Records to use:
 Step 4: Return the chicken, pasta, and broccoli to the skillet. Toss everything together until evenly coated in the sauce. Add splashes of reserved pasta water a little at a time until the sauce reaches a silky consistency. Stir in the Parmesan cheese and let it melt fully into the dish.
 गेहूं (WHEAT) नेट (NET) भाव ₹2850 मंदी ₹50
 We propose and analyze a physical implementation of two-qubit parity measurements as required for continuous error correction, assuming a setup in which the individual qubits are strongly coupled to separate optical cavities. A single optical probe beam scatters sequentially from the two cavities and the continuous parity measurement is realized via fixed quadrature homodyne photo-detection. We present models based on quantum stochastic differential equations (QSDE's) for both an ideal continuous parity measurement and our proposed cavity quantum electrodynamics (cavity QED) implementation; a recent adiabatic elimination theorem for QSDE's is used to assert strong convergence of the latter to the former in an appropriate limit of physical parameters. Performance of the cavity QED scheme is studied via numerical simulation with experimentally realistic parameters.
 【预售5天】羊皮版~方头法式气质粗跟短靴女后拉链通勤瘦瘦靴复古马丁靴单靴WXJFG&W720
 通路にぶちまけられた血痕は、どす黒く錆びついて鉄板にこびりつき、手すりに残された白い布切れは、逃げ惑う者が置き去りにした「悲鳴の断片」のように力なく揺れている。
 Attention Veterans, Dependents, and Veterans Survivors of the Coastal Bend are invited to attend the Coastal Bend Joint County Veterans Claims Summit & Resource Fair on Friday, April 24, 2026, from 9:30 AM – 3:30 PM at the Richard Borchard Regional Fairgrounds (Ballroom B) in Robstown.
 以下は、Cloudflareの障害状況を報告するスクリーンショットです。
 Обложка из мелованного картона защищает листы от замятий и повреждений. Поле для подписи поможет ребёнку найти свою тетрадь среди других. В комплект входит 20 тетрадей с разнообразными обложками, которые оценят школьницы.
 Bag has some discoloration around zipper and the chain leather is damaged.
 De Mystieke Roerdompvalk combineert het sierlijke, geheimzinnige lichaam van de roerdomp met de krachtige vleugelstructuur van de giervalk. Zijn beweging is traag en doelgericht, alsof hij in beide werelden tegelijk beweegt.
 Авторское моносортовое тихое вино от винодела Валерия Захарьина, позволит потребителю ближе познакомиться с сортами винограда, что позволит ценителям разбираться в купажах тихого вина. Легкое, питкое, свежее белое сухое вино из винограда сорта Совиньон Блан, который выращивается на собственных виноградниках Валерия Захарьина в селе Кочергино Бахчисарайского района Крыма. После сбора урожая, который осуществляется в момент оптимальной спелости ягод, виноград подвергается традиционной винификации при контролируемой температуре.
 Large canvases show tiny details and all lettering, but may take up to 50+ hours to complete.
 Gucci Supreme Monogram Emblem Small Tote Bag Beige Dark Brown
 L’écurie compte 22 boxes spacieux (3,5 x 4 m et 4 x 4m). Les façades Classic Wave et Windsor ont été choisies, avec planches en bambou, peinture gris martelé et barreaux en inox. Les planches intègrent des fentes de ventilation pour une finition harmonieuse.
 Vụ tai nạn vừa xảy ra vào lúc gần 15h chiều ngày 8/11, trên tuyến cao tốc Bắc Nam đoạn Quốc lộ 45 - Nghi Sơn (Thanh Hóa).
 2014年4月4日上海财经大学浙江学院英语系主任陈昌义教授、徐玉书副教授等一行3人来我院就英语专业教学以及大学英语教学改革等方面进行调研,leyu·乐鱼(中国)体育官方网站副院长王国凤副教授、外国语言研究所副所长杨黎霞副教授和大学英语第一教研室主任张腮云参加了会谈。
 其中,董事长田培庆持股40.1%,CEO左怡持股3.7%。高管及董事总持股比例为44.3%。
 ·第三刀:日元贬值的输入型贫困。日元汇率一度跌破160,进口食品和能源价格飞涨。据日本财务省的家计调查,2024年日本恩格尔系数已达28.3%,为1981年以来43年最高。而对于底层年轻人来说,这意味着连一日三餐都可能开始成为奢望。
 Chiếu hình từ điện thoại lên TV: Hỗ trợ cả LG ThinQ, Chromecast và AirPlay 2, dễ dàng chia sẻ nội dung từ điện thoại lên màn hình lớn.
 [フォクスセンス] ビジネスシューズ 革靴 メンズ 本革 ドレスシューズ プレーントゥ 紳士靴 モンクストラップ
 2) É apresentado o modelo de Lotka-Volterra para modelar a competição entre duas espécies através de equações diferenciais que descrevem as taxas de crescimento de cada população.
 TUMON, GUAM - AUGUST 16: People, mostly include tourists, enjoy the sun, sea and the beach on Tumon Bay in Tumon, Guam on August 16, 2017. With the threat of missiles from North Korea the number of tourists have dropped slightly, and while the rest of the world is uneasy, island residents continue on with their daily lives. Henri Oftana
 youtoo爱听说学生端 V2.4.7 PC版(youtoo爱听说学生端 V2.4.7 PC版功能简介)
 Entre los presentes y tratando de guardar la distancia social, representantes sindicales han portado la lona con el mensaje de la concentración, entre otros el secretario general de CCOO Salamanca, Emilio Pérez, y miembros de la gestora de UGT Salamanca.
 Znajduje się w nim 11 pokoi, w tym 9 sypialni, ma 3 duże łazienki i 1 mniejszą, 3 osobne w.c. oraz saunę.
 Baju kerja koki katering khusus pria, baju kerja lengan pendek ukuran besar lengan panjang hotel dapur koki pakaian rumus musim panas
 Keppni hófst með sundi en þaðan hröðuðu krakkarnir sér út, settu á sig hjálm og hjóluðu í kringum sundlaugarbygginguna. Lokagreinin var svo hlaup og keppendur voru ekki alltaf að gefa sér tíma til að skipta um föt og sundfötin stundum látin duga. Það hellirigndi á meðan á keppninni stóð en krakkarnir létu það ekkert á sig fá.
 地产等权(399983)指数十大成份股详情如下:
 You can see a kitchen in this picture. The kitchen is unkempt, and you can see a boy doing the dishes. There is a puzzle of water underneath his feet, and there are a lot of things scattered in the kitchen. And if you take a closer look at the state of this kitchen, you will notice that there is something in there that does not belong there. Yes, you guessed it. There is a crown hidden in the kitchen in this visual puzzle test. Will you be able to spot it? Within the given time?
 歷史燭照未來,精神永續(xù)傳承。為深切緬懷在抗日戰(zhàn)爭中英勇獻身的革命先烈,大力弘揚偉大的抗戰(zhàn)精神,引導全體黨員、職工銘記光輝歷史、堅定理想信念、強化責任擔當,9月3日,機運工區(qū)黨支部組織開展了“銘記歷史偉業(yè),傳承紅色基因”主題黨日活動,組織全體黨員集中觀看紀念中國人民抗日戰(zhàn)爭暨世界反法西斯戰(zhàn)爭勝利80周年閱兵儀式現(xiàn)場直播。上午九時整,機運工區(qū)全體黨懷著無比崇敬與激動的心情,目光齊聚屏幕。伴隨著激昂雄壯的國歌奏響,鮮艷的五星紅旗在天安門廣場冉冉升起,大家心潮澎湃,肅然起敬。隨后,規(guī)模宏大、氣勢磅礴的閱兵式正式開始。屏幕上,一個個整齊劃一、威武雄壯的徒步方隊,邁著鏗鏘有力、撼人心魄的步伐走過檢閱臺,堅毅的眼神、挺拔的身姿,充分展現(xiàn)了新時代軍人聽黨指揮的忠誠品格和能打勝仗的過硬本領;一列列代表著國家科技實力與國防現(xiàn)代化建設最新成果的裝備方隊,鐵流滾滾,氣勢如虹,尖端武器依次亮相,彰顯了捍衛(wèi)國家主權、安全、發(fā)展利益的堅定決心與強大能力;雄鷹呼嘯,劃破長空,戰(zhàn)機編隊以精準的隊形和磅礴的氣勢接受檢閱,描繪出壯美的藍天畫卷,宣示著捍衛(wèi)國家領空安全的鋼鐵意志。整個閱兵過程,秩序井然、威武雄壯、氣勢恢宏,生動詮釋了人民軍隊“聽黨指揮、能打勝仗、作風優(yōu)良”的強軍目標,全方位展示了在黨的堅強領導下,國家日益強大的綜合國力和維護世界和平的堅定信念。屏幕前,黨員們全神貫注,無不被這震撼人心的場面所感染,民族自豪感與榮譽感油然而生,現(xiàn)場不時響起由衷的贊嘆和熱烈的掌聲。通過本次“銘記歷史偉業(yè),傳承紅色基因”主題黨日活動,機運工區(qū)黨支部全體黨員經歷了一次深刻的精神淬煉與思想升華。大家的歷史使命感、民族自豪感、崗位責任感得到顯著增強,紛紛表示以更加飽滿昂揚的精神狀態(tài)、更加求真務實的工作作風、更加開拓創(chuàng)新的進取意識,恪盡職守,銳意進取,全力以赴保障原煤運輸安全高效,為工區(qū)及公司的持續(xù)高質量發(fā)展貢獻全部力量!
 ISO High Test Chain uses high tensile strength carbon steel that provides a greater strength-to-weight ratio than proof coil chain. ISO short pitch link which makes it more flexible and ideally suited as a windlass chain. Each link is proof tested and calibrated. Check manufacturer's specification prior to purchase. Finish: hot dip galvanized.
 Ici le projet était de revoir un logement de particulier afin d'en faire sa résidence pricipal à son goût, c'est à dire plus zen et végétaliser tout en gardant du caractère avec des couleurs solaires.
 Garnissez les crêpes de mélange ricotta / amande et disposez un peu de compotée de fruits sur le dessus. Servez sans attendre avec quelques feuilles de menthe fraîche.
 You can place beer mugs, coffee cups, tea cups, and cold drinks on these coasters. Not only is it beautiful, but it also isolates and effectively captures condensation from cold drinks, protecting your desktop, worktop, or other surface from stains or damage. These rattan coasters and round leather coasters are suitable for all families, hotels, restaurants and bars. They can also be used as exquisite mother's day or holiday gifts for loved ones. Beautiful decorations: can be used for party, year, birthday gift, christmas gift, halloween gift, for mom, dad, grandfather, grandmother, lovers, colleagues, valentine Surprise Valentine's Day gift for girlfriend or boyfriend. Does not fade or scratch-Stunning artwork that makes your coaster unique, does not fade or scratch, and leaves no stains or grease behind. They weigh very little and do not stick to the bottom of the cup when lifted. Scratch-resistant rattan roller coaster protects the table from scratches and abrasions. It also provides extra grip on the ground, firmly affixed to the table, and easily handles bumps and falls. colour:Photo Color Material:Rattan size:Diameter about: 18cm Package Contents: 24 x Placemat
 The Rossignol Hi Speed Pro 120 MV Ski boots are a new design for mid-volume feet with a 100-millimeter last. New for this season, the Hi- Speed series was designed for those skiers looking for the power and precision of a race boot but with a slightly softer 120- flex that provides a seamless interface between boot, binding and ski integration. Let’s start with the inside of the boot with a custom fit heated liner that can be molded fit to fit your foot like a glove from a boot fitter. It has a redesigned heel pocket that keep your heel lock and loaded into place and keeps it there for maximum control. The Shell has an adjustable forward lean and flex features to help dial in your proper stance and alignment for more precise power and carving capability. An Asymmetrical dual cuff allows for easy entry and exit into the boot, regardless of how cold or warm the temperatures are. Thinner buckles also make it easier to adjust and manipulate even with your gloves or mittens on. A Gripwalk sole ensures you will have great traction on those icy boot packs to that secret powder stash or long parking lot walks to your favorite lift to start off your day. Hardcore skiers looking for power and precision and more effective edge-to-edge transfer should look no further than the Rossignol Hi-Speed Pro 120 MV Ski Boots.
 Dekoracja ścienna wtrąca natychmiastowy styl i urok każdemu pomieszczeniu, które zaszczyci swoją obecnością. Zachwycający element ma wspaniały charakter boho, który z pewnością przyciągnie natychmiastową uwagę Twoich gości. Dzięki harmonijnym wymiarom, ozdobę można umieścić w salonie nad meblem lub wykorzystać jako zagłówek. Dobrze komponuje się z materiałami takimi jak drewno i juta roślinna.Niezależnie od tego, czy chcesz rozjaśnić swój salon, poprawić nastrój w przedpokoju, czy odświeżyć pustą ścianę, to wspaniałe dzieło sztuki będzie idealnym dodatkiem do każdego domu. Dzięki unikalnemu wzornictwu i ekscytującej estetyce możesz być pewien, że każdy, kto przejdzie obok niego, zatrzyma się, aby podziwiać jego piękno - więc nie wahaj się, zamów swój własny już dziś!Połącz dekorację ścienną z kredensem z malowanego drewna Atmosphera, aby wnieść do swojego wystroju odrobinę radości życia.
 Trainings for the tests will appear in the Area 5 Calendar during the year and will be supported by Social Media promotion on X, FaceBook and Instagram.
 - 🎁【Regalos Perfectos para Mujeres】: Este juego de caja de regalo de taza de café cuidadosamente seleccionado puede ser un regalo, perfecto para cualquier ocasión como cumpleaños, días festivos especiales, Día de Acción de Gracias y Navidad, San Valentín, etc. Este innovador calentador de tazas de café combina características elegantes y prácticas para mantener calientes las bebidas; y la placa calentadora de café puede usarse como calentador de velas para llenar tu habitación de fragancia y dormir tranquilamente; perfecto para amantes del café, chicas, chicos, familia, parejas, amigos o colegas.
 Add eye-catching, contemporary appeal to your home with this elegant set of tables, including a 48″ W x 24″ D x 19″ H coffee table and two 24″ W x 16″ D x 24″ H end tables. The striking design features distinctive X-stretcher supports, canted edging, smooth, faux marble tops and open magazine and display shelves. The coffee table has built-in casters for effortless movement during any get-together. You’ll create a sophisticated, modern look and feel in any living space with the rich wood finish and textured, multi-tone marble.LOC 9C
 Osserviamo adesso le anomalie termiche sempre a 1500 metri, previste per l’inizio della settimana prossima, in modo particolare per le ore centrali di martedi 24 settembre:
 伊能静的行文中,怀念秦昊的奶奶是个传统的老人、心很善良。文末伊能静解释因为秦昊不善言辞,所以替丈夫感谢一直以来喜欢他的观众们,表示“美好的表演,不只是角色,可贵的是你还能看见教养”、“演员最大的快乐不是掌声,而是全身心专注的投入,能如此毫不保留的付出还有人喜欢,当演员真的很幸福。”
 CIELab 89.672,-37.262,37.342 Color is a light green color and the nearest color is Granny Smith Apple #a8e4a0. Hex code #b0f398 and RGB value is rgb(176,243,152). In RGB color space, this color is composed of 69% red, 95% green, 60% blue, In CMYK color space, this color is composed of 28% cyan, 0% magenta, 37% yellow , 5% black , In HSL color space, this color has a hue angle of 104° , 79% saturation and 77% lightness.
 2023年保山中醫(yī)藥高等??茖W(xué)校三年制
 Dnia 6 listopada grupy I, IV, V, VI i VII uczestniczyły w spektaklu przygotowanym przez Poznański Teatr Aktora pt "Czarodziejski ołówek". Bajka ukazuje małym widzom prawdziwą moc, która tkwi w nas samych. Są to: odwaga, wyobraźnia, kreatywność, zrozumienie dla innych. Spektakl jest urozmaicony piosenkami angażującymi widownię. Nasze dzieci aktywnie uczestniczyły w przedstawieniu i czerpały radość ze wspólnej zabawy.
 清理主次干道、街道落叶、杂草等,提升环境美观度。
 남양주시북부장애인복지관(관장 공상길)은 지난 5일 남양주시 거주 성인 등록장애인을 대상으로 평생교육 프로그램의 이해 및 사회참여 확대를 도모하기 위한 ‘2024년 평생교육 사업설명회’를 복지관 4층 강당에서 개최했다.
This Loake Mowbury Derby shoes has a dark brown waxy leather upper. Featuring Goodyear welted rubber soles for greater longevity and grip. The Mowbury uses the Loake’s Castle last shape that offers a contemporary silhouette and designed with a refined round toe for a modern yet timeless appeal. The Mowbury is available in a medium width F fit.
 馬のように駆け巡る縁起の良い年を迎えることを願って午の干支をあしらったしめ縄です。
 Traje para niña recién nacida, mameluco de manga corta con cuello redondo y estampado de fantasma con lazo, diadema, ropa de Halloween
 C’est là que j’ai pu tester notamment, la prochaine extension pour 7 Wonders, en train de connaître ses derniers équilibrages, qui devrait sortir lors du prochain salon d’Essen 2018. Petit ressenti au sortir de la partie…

Exercise directions:
Would you return each line of the material above, unchanged, from the first one through the line where "以下は、Cloudflareの障害状況を報告するスクリーンショットです。" appears?

Exercise output:
 Step 4: Return the chicken, pasta, and broccoli to the skillet. Toss everything together until evenly coated in the sauce. Add splashes of reserved pasta water a little at a time until the sauce reaches a silky consistency. Stir in the Parmesan cheese and let it melt fully into the dish.
 गेहूं (WHEAT) नेट (NET) भाव ₹2850 मंदी ₹50
 We propose and analyze a physical implementation of two-qubit parity measurements as required for continuous error correction, assuming a setup in which the individual qubits are strongly coupled to separate optical cavities. A single optical probe beam scatters sequentially from the two cavities and the continuous parity measurement is realized via fixed quadrature homodyne photo-detection. We present models based on quantum stochastic differential equations (QSDE's) for both an ideal continuous parity measurement and our proposed cavity quantum electrodynamics (cavity QED) implementation; a recent adiabatic elimination theorem for QSDE's is used to assert strong convergence of the latter to the former in an appropriate limit of physical parameters. Performance of the cavity QED scheme is studied via numerical simulation with experimentally realistic parameters.
 【预售5天】羊皮版~方头法式气质粗跟短靴女后拉链通勤瘦瘦靴复古马丁靴单靴WXJFG&W720
 通路にぶちまけられた血痕は、どす黒く錆びついて鉄板にこびりつき、手すりに残された白い布切れは、逃げ惑う者が置き去りにした「悲鳴の断片」のように力なく揺れている。
 Attention Veterans, Dependents, and Veterans Survivors of the Coastal Bend are invited to attend the Coastal Bend Joint County Veterans Claims Summit & Resource Fair on Friday, April 24, 2026, from 9:30 AM – 3:30 PM at the Richard Borchard Regional Fairgrounds (Ballroom B) in Robstown.
 以下は、Cloudflareの障害状況を報告するスクリーンショットです。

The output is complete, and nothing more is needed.